Benjamin Holdaway, a senior in political science, used a monetary argument to speak in opposition to the bill. Holdaway said the average income for undocumented individuals in Utah is $15,000 a year.

“If you charge them out-of-state tuition, that’s their family’s entire income,” Holdaway said. “And their children won’t be able to earn more than $15,000 a year.”

Holdaway said the children of undocumented immigrants have a good chance of naturalization and that allowing them to get a college education would create opportunities and help them progress toward jobs.

Suneil Bhambri, a sophomore in business, said the bill would have no benefit.

“If groups want to be educated and they’re working for it, why shouldn’t society help them out?” he said.

A number of U students have protested against the slew of anti-illegal immigration bills going through the Legislature, by participating in candlelight vigils and speaking out at the Capitol.

Burbank said the bill would likely have no discernible affect on the number of people illegally present in the United States, nor would it cause them to change their immigration status.

“Most of the nature of the debate is more symbolic,” Burbank said.

Forcing these students to pay out-of-state tuition would be perpetuating the cycle of disparity, said senior biology major Seyran Saber.

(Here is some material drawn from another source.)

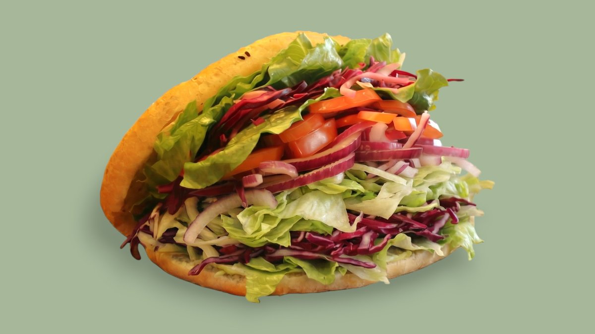 alle Gerichte werden mit Eisbergsalat, Krautsalat, Tomaten, Gurken, Zwiebeln und einer Soße deiner Wahl zubereitet

She said the state should not punish children for the actions of their parents.

“We’d be sending them right back to where their parents started,” Saber said. “We’re going about it the wrong way.”

Instead of repealing the bill, Saber suggested the state pass legislation to allow the students to become legal citizens.

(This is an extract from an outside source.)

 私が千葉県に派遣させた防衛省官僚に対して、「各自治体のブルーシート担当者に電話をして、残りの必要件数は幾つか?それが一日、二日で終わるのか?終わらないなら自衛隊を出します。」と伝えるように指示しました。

Although Utahns are divided on the issue, Burbank said there is a vocal constituency in support of the bill in the Republican Party who are also trying to make it a national issue of immigration reform.

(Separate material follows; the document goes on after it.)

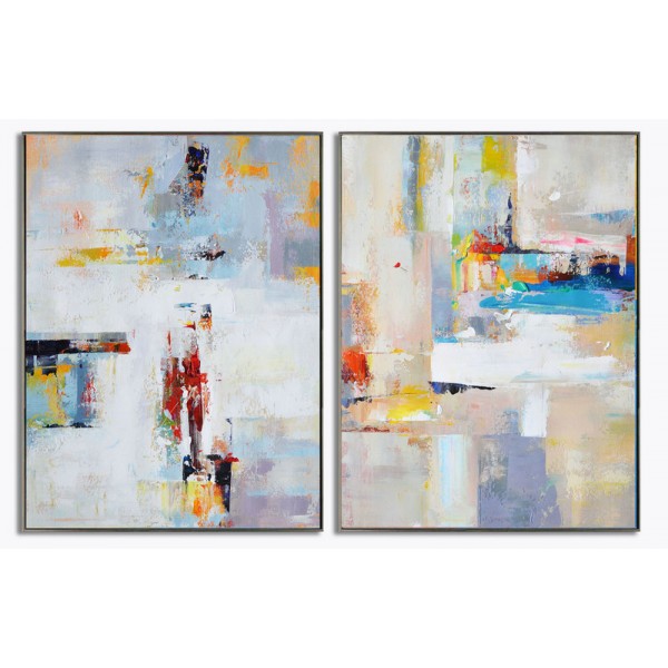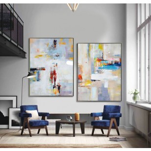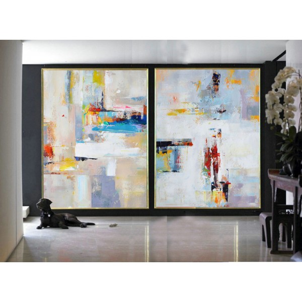 Set Of 2 Large Contemporary Painting, Abstract Canvas Art, Original Artwork, Blue, red, yellow, orange - By Leo

Carlos Scheidegger, a fourth-year graduate student in computer science who is not a U.S. citizen, said the bill won’t result in solutions for illegal immigration issues at the state or national level.

“It’s more of a political motivation, with the expediency aspect of saying, ‘We’re doing something about the issue,'” Scheidegger said.

Harry Mornh, a sophomore in mechanical engineering, thinks the state should reach a compromise. Although he understands how students might benefit from the discount, he said having the state pay for those students could take away from the quality of his education.

David Koop, a second-year graduate student in computer science, said there aren’t enough students in this situation to be a financial burden on the state. There are approximately 100 undocumented students attending the U.

“It depends on what the weight on the state would be,” Koop said. “Those students might be the ones who would most benefit from education and they wouldn’t be able to afford it.”